Hormone replacement therapy with estradiol and risk of venous thromboembolism--a population-based case-control study.

Recent epidemiological studies on hormone replacement therapy (HRT) containing mainly conjugated equine estrogens indicate increased risk for venous thromboembolism (VTE). The purpose of the present epidemiological study was to evaluate the effect of HRT containing natural estrogens, i.e., estradiol, on the risk of VTE. HRT formulations containing estradiol are commonly used in Scandinavia. The study was a population-based case-control study. Cases were consecutive females, aged 44-70 years, discharged from Ullevål University Hospital with the diagnosis of deep venous thrombosis or pulmonary embolism during 1990-1996. Fifty-one women with cancer-associated thrombosis were excluded from the study. Controls were randomly collected from the same source population and matched by age. The material comprised 176 cases and 352 controls, i.e., 2 controls for each case. Only formulations containing estradiol were used. The frequency of HRT use was 28% (50/176) in cases and 26% (93/352) in controls. The estimated matched crude odds ratio with 95% confidence interval was 1.13 (0.71-1.78), which indicates no significant association of overall use of HRT and VTE. The estimated adjusted odds ratio was 1.22 (0.76-1.94) performing multi-confounder adjustment using the conditional logistic model and adjusting for hypertension, coronary heart disease, diabetes mellitus, smoking habit, BMI, and the presence of previous VTE. Stratification for time of exposure indicated an increased risk of VTE during the first year of use with a crude odds ratio of 3.54 (1.54-8.2). This effect was reduced by extended use to a crude odds ratio of 0.66 (0.39-1.10) after the first year of use. We conclude that use of HRT containing estradiol was associated with a threefold increased risk of VTE, but this increased risk was restricted to the first year of use.

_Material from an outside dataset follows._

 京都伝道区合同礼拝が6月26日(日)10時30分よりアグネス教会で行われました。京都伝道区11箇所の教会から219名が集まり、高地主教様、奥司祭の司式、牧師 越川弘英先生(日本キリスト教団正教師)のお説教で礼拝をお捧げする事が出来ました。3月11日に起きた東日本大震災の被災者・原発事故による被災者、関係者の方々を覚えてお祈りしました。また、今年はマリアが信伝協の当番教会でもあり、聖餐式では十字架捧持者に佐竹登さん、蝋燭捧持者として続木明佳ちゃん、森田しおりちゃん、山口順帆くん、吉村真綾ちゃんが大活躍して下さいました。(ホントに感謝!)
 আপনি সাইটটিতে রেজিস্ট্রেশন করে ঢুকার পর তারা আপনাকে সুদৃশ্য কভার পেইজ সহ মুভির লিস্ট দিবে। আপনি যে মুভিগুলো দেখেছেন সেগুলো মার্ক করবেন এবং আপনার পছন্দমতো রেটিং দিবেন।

Increased risk of recurrent venous thromboembolism during hormone replacement therapy--results of the randomized, double-blind, placebo-controlled estrogen in venous thromboembolism trial (EVTET).

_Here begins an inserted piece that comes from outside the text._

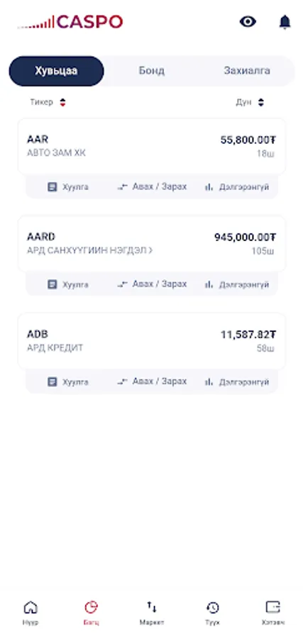 Caspo апп нь хөрөнгө оруулалтын багцаа удирдах, монголын хөрөнгийн биржийн бүх үнэт цаасыг арилжих боломжийг танд олгоно.

Recent observational studies suggest a 2-4 fold increased risk of venous thromboembolism (VTE) in women taking hormone replacement therapy (HRT). The present study was started before publication of these studies, and the aim was to determine if HRT alters the risk of VTE in high risk women. The study was a randomized. double-blind, and placebo-controlled clinical trial with a double-triangular sequential design. Females with previously verified VTE were randomized to 2 mg estradiol plus 1 mg norethisterone acetate, 1 tablet daily (n = 71) or placebo (n = 69). The primary outcome was recurrent deep venous thrombosis (DVT) or pulmonary embolism (PE). Between 1996 and 1998 a total of 140 women were included. The study was terminated prematurely based on the results of circumstantial evidence emerging during the trial. Eight women in the HRT group and one woman in the placebo group developed VTE. The incidence of VTE was 10.7% in the HRT group and 2.3% in the placebo group. In the HRT group, all events happened within 261 days after inclusion. The sequential design did not stop the study, but strongly indicated a difference between the two groups. Our data strongly suggests that women who have previously suffered a VTE have an increased risk of recurrence on HRT. This treatment should therefore be avoided in this patient group if possible. The results also support those of recent epidemiological studies, which also indicate increased risk of VTE in non-selected female populations during HRT.